`transparentai.datasets`¶

Variable submodule¶

transparentai.datasets.variable.variable.describe_number(arr)[source]¶

Descriptive statistics about a number array.

Returned statistics:

Count of valid values
Count of missing values
Mean
Mode
Min
Quantitle 25%
Median
Quantile 75%
Max

Parameters:	arr (array like) – Array of value to get desriptive statistics from
Raises:	TypeError: – arr is not an array like TypeError: – arr is not a number array

transparentai.datasets.variable.variable.describe_datetime(arr, format='%Y-%m-%d')[source]¶

Descriptive statistics about a datetime array.

Returned statistics:

Count of valid values
Count of missing values
Count of unique values
Most common value
Min
Mean
Max

Parameters:	arr (array like) – Array of value to get desriptive statistics from format (str) – String format for datetime value
Raises:	TypeError: – arr is not an array like TypeError: – arr is not a datetime array

transparentai.datasets.variable.variable.describe_object(arr)[source]¶

Descriptive statistics about an object array.

Returned statistics:

Count of valid values
Count of missing values
Count of unique values
Most common value

Parameters:	arr (array like) – Array of value to get desriptive statistics from
Raises:	TypeError: – arr is not an array like TypeError: – arr is not an object array

transparentai.datasets.variable.variable.describe(arr)[source]¶

Descriptive statistics about an array. Depending on the detected dtype (number, date, object) it returns specific stats.

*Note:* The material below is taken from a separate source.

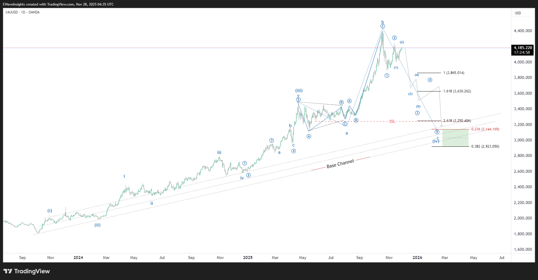 On the daily chart, the impulsive rally from the base channel has already delivered a strong five‑wave advance, with wave (iii) extended and followed by a broad, overlapping correction. That correction is counted as an expanding flat: wave A down, wave B breaking to a new high at 4,381.27, and a still‑developing wave C decline projected to unfold next. Momentum has already started to diverge against price on this last leg, consistent with a maturing B‑wave blow‑off.

Common statistics for all dtype (using describe_common):

Count of valid values
Count of missing values

Number statistics (using describe_number):

Mean
Mode
Min
Quantitle 25%
Median
Quantile 75%
Max

Datetime statistics (using describe_datetime):

Count of unique values
Most common value
Min
Mean
Max

Object statistics (using describe_datetime):

Count of unique values
Most common value

Parameters:	arr (array like) – Array of value to get desriptive statistics from
Returns:	Dictionnary with descriptive statistics
Return type:	dict
Raises:	TypeError: – arr is not an array like

transparentai.datasets.variable.correlation.compute_correlation(df, nrows=None, max_cat_val=100)[source]¶

Computes differents correlations matrix for three cases and merge them:

numerical to numerical (using Pearson coeff)
categorical to categorical (using Cramers V & Chi square)
numerical to categorical (discrete) (using Point Biserial)

/!\ ==== Caution ==== /!\

This matrix has a default : the cramers_v_corr is scale from 0 to 1, but the others are from to -1 to 1. Be sure to understand this.

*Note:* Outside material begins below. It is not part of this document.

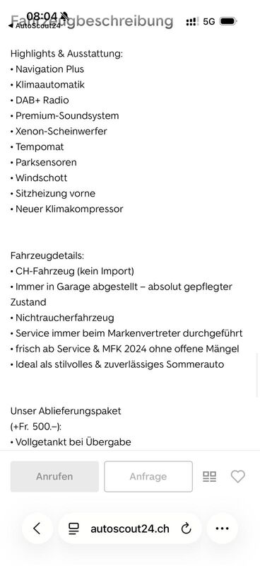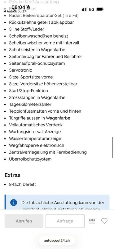 Ich verkaufe mein geliebtes Cabriolet (CH-Fahrzeug), das immer in der Garage abgestellt wurde. Es ist in einem absolut gepflegten Zustand, jährlich im Service, ist ein Nichtraucherfahrzeug, wurde im Winter nicht gefahren und hat eine MFK bis 2024. Es ist unfallfrei, verfügt über allerlei Luxus wie DAB-Radio, Parksensoren usw. und ist mit 8-fach Bereifung (Sommer Alufelgen/Winter Stahlfelgen) ausgestattet. Erste Inverkehrsetzung 03.05.2014.

Pearson coeff Wikipedia definition :

In statistics, the Pearson correlation coefficient, also referred to as Pearson’s r, the Pearson product-moment correlation coefficient (PPMCC) or the bivariate correlation, is a statistic that measures linear correlation between two variables X and Y. It has a value between +1 and −1, where 1 is total positive linear correlation, 0 is no linear correlation, and −1 is total negative linear correlation (that the value lies between -1 and 1 is a consequence of the Cauchy–Schwarz inequality). It is widely used in the sciences.

Cramers V Wikipedia definition :

In statistics, Cramér’s V (sometimes referred to as Cramér’s phi and denoted as φc) is a measure of association between two nominal variables, giving a value between 0 and +1 (inclusive). It is based on Pearson’s chi-squared statistic and was published by Harald Cramér in 1946.

Point Biserial Wikipedia definition :

The point biserial correlation coefficient (rpb) is a correlation coefficient used when one variable (e.g. Y) is dichotomous; Y can either be “naturally” dichotomous, like whether a coin lands heads or tails, or an artificially dichotomized variable. In most situations it is not advisable to dichotomize variables artificially[citation needed]. When a new variable is artificially dichotomized the new dichotomous variable may be conceptualized as having an underlying continuity. If this is the case, a biserial correlation would be the more appropriate calculation.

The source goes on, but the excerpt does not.